***** SUPPLIED MATERIAL

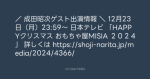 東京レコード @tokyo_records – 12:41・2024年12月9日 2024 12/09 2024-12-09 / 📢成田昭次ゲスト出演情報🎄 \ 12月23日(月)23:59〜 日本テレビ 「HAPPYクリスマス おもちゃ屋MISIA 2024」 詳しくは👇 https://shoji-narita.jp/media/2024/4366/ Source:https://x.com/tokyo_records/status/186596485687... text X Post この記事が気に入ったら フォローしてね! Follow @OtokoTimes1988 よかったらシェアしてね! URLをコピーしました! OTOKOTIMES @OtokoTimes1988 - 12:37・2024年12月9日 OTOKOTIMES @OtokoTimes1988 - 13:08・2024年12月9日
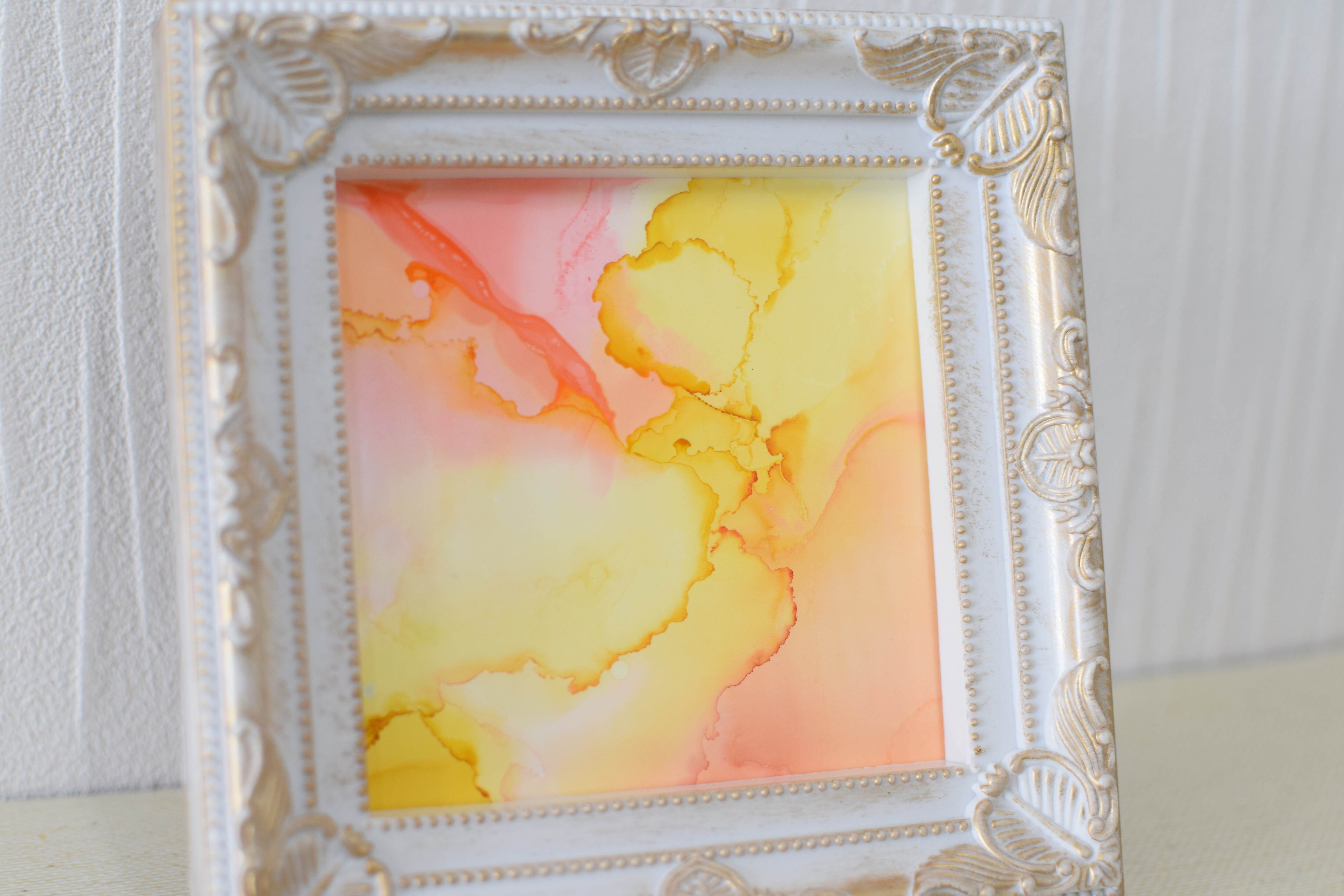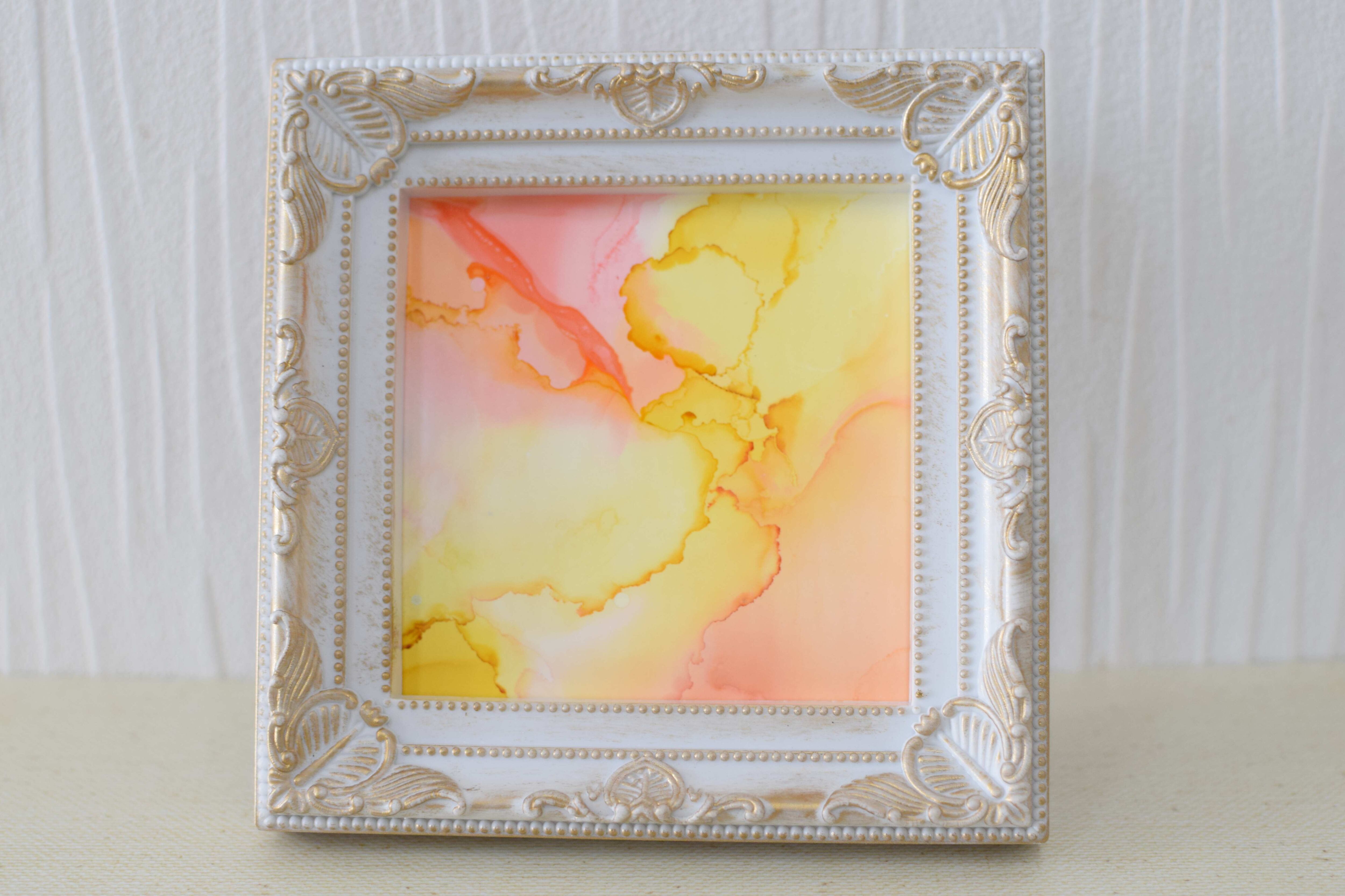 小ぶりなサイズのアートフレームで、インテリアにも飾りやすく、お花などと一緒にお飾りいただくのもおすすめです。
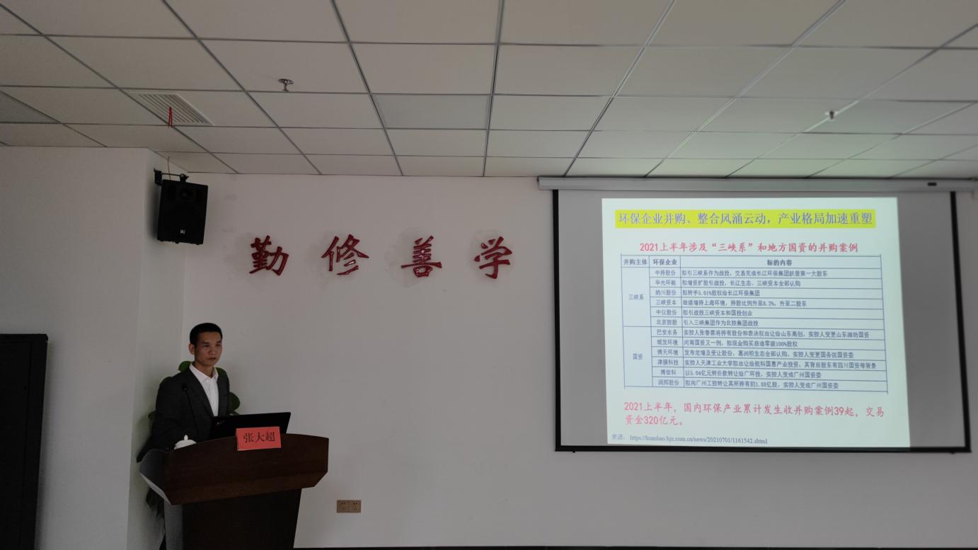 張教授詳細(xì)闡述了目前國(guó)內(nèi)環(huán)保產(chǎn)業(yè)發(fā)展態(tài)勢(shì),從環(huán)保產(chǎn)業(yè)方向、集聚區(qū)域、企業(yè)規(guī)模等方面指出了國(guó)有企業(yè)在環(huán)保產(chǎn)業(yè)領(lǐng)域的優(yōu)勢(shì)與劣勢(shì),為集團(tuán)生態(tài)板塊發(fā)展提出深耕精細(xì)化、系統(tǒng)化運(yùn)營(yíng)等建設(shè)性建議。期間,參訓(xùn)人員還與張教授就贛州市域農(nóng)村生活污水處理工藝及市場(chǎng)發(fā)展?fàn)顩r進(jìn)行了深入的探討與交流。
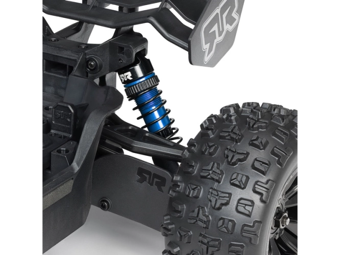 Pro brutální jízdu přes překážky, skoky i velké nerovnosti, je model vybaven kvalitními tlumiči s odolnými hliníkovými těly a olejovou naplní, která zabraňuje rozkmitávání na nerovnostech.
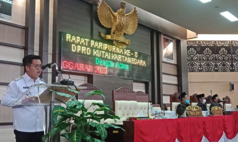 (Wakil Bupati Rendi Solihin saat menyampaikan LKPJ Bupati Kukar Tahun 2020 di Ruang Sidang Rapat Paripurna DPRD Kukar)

**********

EXERCISE DESCRIPTION
Please retype the whole listing above word for word and drop the pictures.

RESPONSE BOX
 東京レコード @tokyo_records – 12:41・2024年12月9日 2024 12/09 2024-12-09 / 📢成田昭次ゲスト出演情報🎄 \ 12月23日(月)23:59〜 日本テレビ 「HAPPYクリスマス おもちゃ屋MISIA 2024」 詳しくは👇 https://shoji-narita.jp/media/2024/4366/ Source:https://x.com/tokyo_records/status/186596485687... text X Post この記事が気に入ったら フォローしてね! Follow @OtokoTimes1988 よかったらシェアしてね! URLをコピーしました! OTOKOTIMES @OtokoTimes1988 - 12:37・2024年12月9日 OTOKOTIMES @OtokoTimes1988 - 13:08・2024年12月9日
 小ぶりなサイズのアートフレームで、インテリアにも飾りやすく、お花などと一緒にお飾りいただくのもおすすめです。
 張教授詳細(xì)闡述了目前國(guó)內(nèi)環(huán)保產(chǎn)業(yè)發(fā)展態(tài)勢(shì),從環(huán)保產(chǎn)業(yè)方向、集聚區(qū)域、企業(yè)規(guī)模等方面指出了國(guó)有企業(yè)在環(huán)保產(chǎn)業(yè)領(lǐng)域的優(yōu)勢(shì)與劣勢(shì),為集團(tuán)生態(tài)板塊發(fā)展提出深耕精細(xì)化、系統(tǒng)化運(yùn)營(yíng)等建設(shè)性建議。期間,參訓(xùn)人員還與張教授就贛州市域農(nóng)村生活污水處理工藝及市場(chǎng)發(fā)展?fàn)顩r進(jìn)行了深入的探討與交流。
 Pro brutální jízdu přes překážky, skoky i velké nerovnosti, je model vybaven kvalitními tlumiči s odolnými hliníkovými těly a olejovou naplní, která zabraňuje rozkmitávání na nerovnostech.
 (Wakil Bupati Rendi Solihin saat menyampaikan LKPJ Bupati Kukar Tahun 2020 di Ruang Sidang Rapat Paripurna DPRD Kukar)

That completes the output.